The box for holiday dates was blank. That did not surprise Bjarne Moller. Now and then he wondered whether Inspector Tom Waaler took off any time at all or if he even had time to sleep. As a detective he was one of the department’s two star players. Always there, always on the ball and nearly always successful. In contrast with the other top-notch detective, Tom Waaler was reliable, had, an unblemished record and was respected by everyone. In short, a dream subordinate. With the indisputable leadership skills that Tom had, it was on the cards that he would take over Moller’s job as Chief Inspector when the time came.
Moller’s call crackled through the flimsy partitions.
‘Waaler here,’ a sonorous voice replied.
‘Moller. We -’
‘Just a moment, Bjarne. I’m on another call.’
Bjarne Moller drummed on the table while he was waiting.
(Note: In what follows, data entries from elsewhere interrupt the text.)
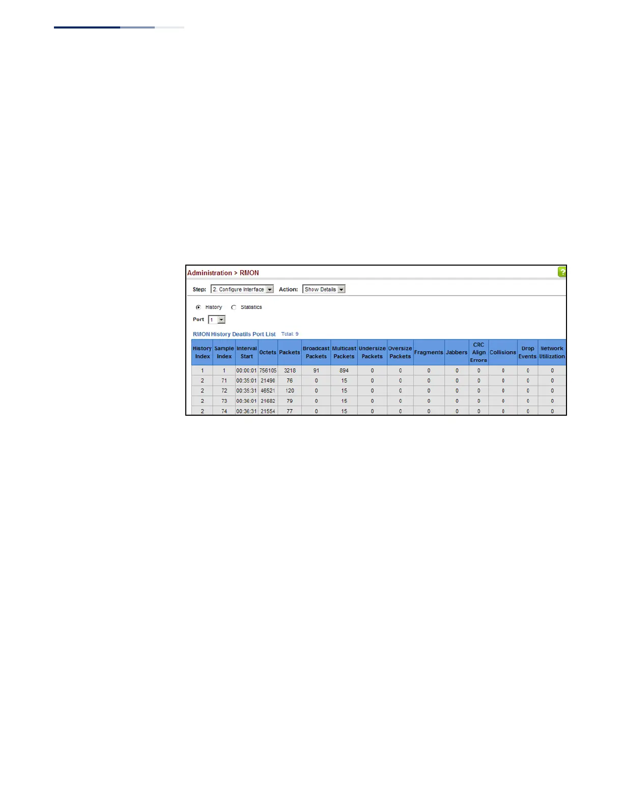 Use the Administration > RMON (Configure Interface - Add - Statistics) page to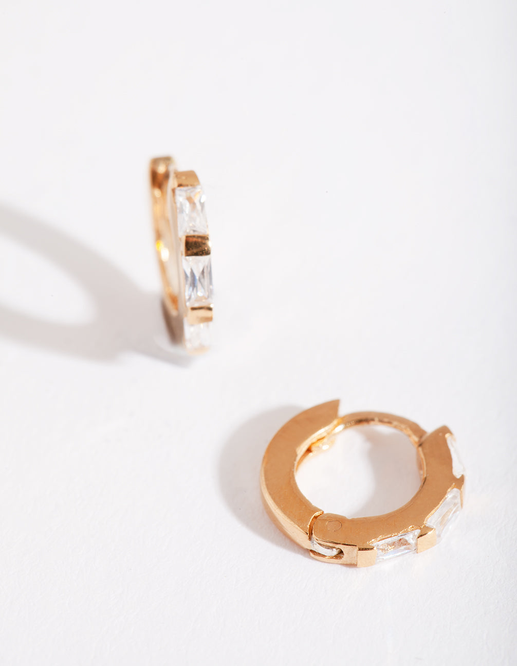 Gold Plated Sterling Silver Gem Huggie Earrings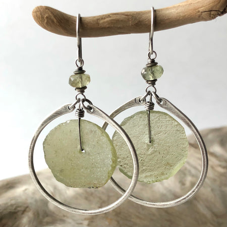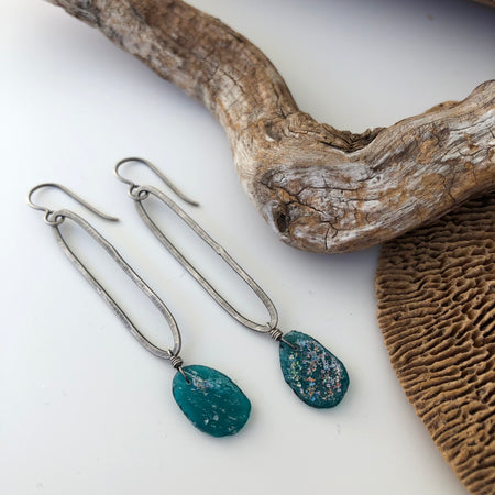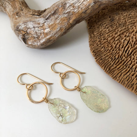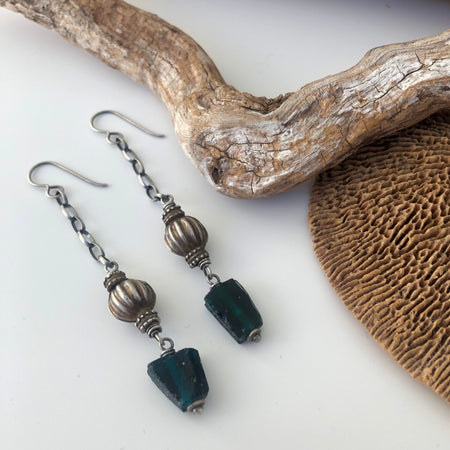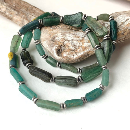Ancient glass shards and components are excavated in Afghanistan, along the Silk Road, a network of trade routes that connected cultures and merchants and spanned from the 2nd century BCE to the 18th century. The glass originated in the regions of the Roman Empire, where glassware became popularized with the invention of glass blowing, around 50 BCE. Glassware was brought into the homes of most Romans and used on a daily basis. It was also traded along the Silk Road. These fragments of glass are repurposed from broken vessels that were buried for hundreds of years along the Silk Trade Road and today are made into beads. Because it is excavated in Afghanistan, I am choosing to call it “ancient glass” instead of “ancient Roman glass.”

Tom Waaler could become the youngest ever Chief Inspector in the Crime Squad. Was it his age that made Bjarne Moller occasionally feel somewhat uneasy at the thought that he would be handing over his responsibilities to Tom? Or perhaps it was the two shooting incidents? The inspector had drawn his gun twice during arrests and, as one of the best marksmen in the police corps, he had hit the target both times with lethal results. Paradoxically enough, Moller also knew that one of the two episodes could ultimately push the appointment of the new Chief in Waaler’s favour. SEFO, the independent police investigation authority, had not uncovered anything to suggest that Tom had not fired in self-defence. In fact, it had concluded that in both cases he had shown good judgment and quick reactions in a tight situation. What better credentials could a candidate for the Chief’s job have?